The power of AI means you don’t have to make mistakes in your math, you let the AI do that for you.
Screenshot costs
Model | Input Cost | Cached Input Cost | Output Cost |
---|---|---|---|
gpt-5-2025-08-07 | $0.005 | – | $0.198 |
gpt-5-mini-2025-08-07 | $0.579 | $0.002 | $8.892 |
gpt-5-nano-2025-08-07 | $0 | – | $0.013 |
Report: Reconciling “Total tokens” vs. billed usage
What we computed from the billed $ amounts
Using your prices-per-million and the line items you shared, we re-derived tokens, limited by dollar figure accuracy (and verified in Python):
Model | Input | Cached input | Output | Model total |
---|---|---|---|---|
gpt-5 | 4,000 | — | 19,800 | 23,800 |
gpt-5-mini | 2,316,000 | 80,000 | 4,446,000 | 6,842,000 |
gpt-5-nano | 0 | — | 32,500 | 32,500 |
Total | 6,898,300 |
Breakdown:
- All inputs (incl. cached): 2,400,000
- All outputs: 4,498,300
- Grand total (input+output): 6,898,300
What the UI shows
- “Total tokens” (screenshot): 2,408,624
- Total requests: 451 (≈ 5,341 input tokens/request)
Reconciliation & findings
-
The UI’s “Total tokens” appears to be input-only
- Sum of billed input tokens we derived = 2,400,000.
- UI shows 2,408,624 → +8,624 tokens above the billed inputs.
- If the UI were counting input + output, it should be near 6.9M, not 2.4M.
Conclusion: That widget is best interpreted as prompt/input tokens (including cached input), not total input+output.
-
Why UI input (2,408,624) is slightly higher than billed inputs (2,400,000)
Two effects can explain the +8,624 delta, and both are consistent with your notes:-
Free-tier input tokens are counted in the “Total tokens” widget but not in the cost line items until you overflow.

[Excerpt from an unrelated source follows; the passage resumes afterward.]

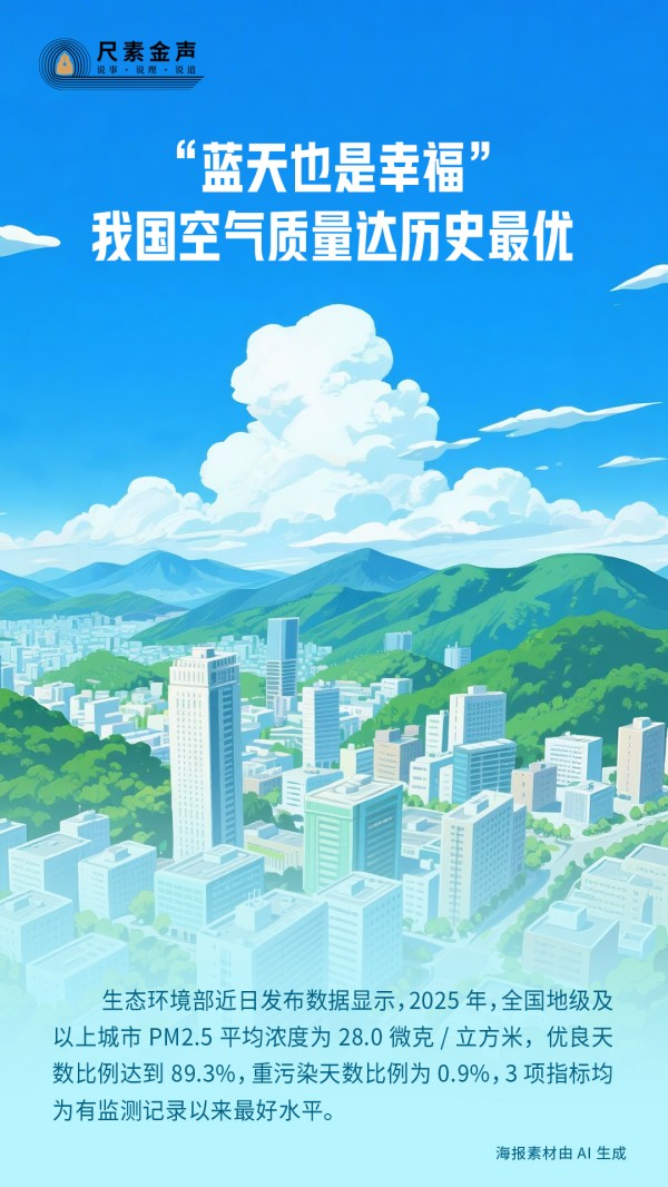 生态环境部近日发布数据显示,2025年,全国地级及以上城市PM2.5平均浓度为28.0微克/立方米,优良天数比例达到89.3%,重污染天数比例为0.9%,3项指标均为有监测记录以来最好水平。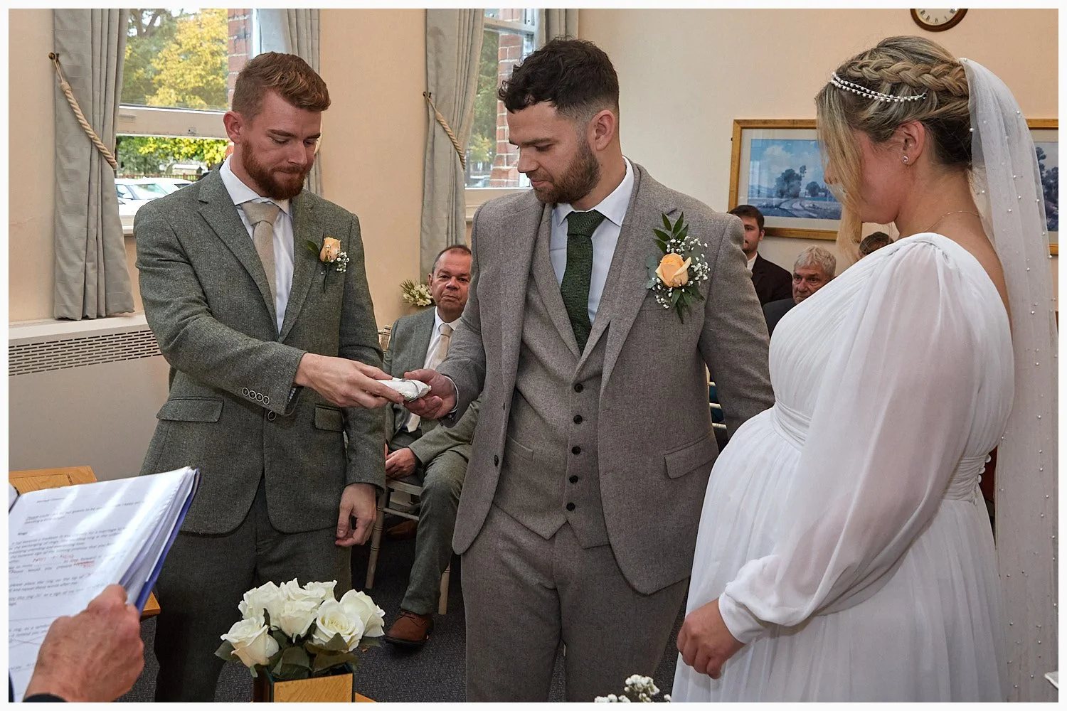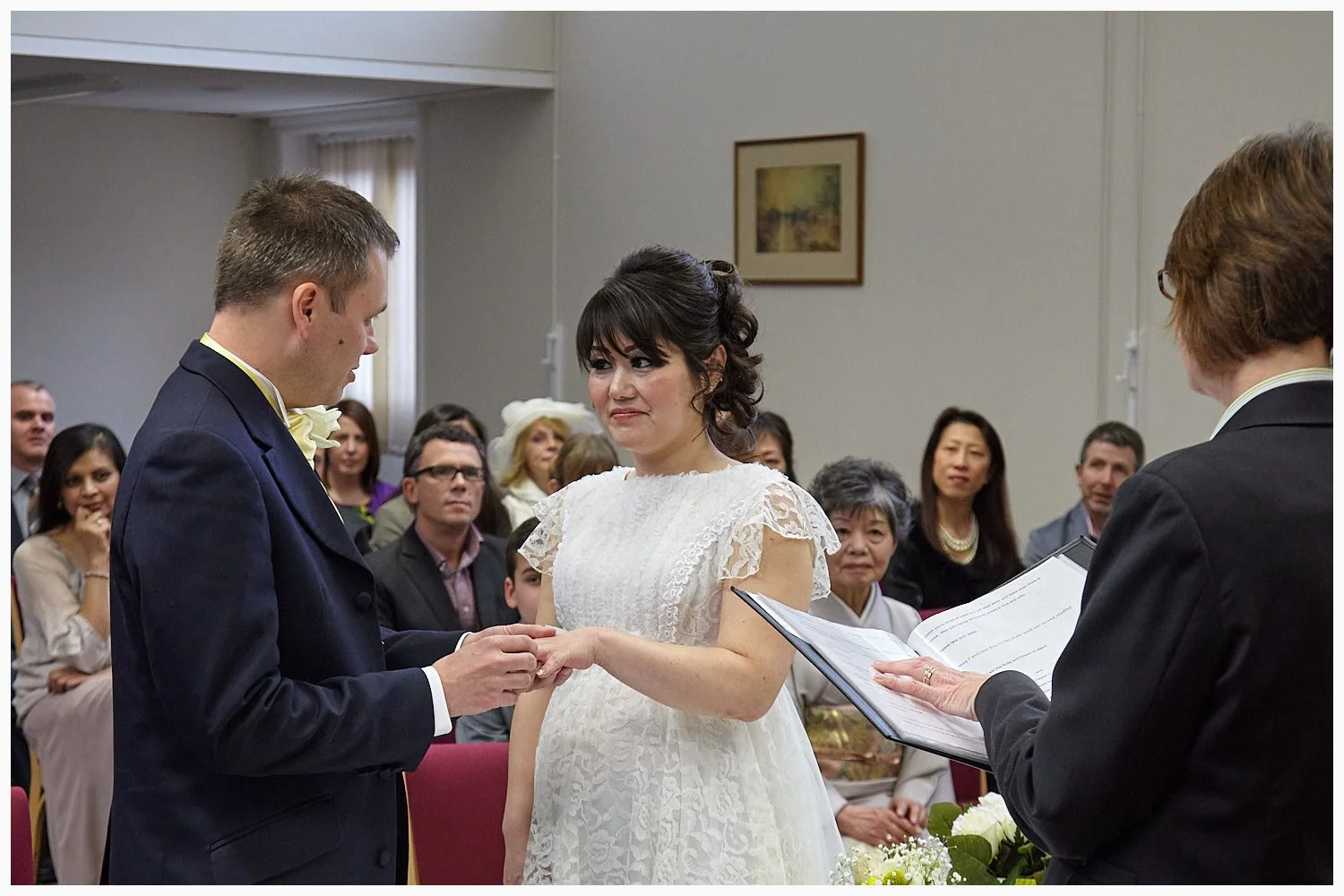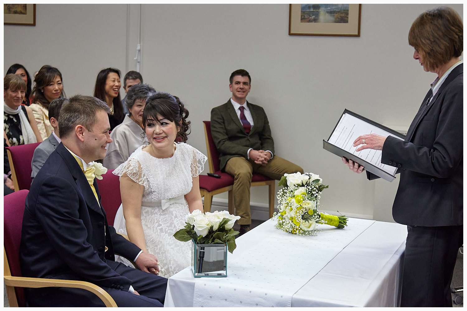 Wedding ceremony in progress in Midsomer Court Beaconsfield Registry Office

- The +8,624 looks like a small amount of free input tokens (likely mini/nano and/or GPT input) that were consumed but not billed. (note: the AI doesn’t understand that these would all come out first if you were enrolled in data sharing for daily free tokens)
-
Rounding of displayed $ amounts (shown to $0.001 precision) can alone account for a difference of this size.
-
Example sensitivities of a $0.001 change → token error:
- gpt-5 input ($1.25/M): ±800 tokens per $0.001 (±400 with half-cent rounding)
- gpt-5-mini input ($0.25/M): ±4,000 tokens per $0.001 (±2,000 rounding)
- gpt-5-mini cached input ($0.025/M): ±40,000 tokens per $0.001 (±20,000 rounding)
- gpt-5-nano input ($0.05/M): ±20,000 tokens per $0.001 (displayed $0.000 could still hide up to ~8,000 tokens)
-
Given these bounds, 8,624 is well within expected rounding noise if dollars are rounded before display.
-
-
-
No evidence of output tokens in that UI number
- Our derived output tokens alone are 4,498,300, which the widget clearly does not reflect.
Bottom line
-
Inferred tokens used (from billing):
- Inputs (incl. cached): 2,400,000
- Outputs: 4,498,300
- Total: 6,898,300
-
UI “Total tokens”: 2,408,624
-
Does it disagree?
Not once we interpret the widget as input-only tokens. The remaining +8,624 is plausibly explained by free input tokens that didn’t show in costs and/or rounding of the displayed $ amounts. Under either explanation, the small delta is reconcilable; there’s no sign of a billing inaccuracy in the data you provided.
If you can export the underlying (unrounded) dollar amounts or a per-direction token breakdown from the UI, we can pin down exactly how much of the +8,624 is free-tier vs rounding.